3. The many questions concerning the title Historiae Philippicae are not of particular interest to Borgna, but they deserve greater scrutiny: see, for example, F. Landucci, ’Filippo II e le Storie Filippiche: un protagonist storico e storiografico’, in C. Bearzot and F. Landucci (eds), Studi sull’Epitome di Giustino I, Milano 2014, pp. 233-60.
4. Borgna could not take into account the most recent work on the text of Justin, such as that of P. Emberger, G. Laser, and especially L. Santi Amantini cited in n. 1, above. More general studies on ancient epitomes and the technique of abridgement in antiquity do not appear in the bibliography, such as I. Opelt, ’Epitome’, in RAC 5, coll. 944-73; P. A. Brunt, ’On Historical Fragments and Epitomes’, CQ 30 (1980), pp. 477-94; and G. Schepens and S. Schorn, ’Verkürzungen in und von Historiographie in klassischer und hellenistischer Zeit’, in M. Horster-Chr. Reitz (eds), Condensing Texts – Condensed Texts, Stuttgart 2010, pp. 395-433.

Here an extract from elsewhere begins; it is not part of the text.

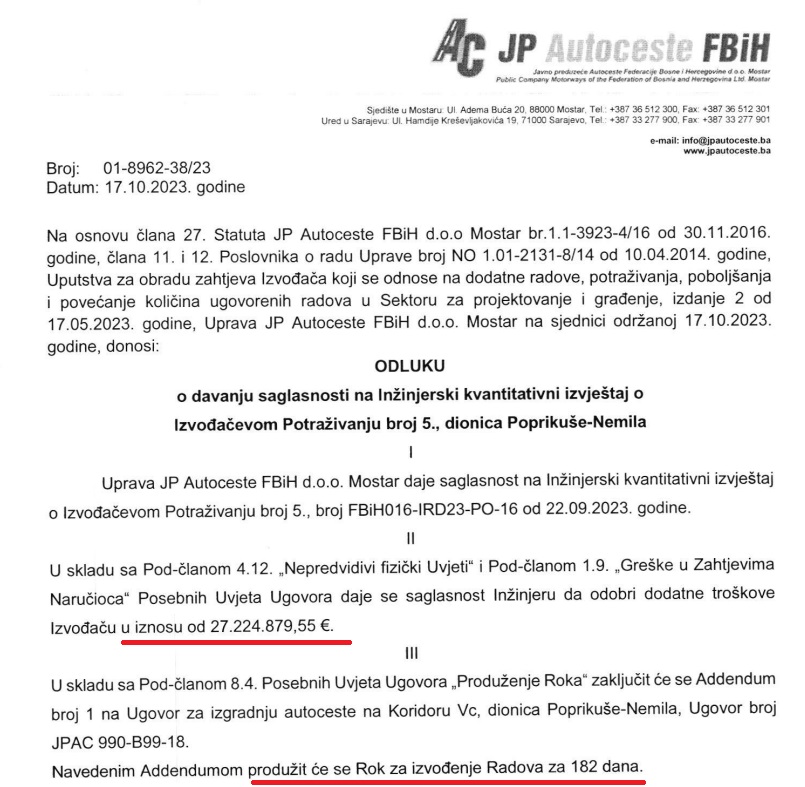 Međutim, niti će ova dionica biti završena u maju 2024. niti će koštati 407 miliona KM. Umjesto toga, prema odluci Autocesta FBiH od 17. oktobra, a do koje je došao Fokus, glavnom izvođaču radova, turskoj kompaniji Cengiz Insaat, koja je angažirana i na nizu drugih dionica, odobrena je isplata od dodatnih 53,2 miliona KM (27,2 miliona eura) i produžetak roka za izvođenje radova za dodatna 182 dana!

5. Alongside relatively unimportant flaws, such as an acute accent instead of a grave (p. 102: παρακλητικός λόγος for παρακλητικὸς λόγος) or words that should begin with capital letters (e.g. ‘senato’ instead of ‘Senato’, pp. 57 and 208 and ‘catanesi’ instead of ‘Catanesi’, p. 67), cases of more serious mistakes certainly deserve to be amended. In Iust. IX 2, 1-2 Istros is not the name of a person (p. 49, note 7), but the Milesian colony by the mouth of the Danube (see p. 57, where Istros is correctly identified). Sometimes Borgna uses (and confuses with each other) ‘Focei’ and ‘Focesi’ (pp. 151 and 169). Although the English term ‘Phocaean’ designates both the inhabitant of Phocaea in Asia Minor and the people who lived in the Greek region of Phocis, in Italian these names are in fact not interchangeable: ‘Focei’ are the natives of Phocaea, whereas ‘Focesi’ are the people coming from Phocis. Accordingly, the two references on p. 151 are to the citizens of Phocaea, while the occurrence on p. 169 concerns the ethnos of Phocis (and not the ‘Focei’). In some passages of Justin that Borgna translates into Italian, the author does not pay attention to the distinction between ‘Galli’ and ‘Galati’ (especially on pp. 53-59): in Italian, ‘Galli’ (‘Gauls’) are the Gallic people living in the western part of the Mediterranean, while ‘Galati’ (‘Galatians’) are generally identified with the tribes of Celtic origin who moved into the Balkans in 281/0 BCE, seizing Delphi in 279 BCE and crossing finally in Asia Minor in 278 BCE. Borgna states that ‘universal’ histories developed in Hellenistic times (p. 213), but historians such as Ephorus, Theopompus, and Anaximenes had already composed such works well before the age of Alexander. Finally, there are a single inconsistency in citing papyrological sources—a papyrus cited as P. Adl. Gr. on p. 81, note 21 is cited as POxy on p. 108, note 6—and the use of obsolete Italian words such as ‘breviatore’ ( passim, = ‘epitomator’) and ‘gobboso’ (p. 143, = ‘snub nosed’).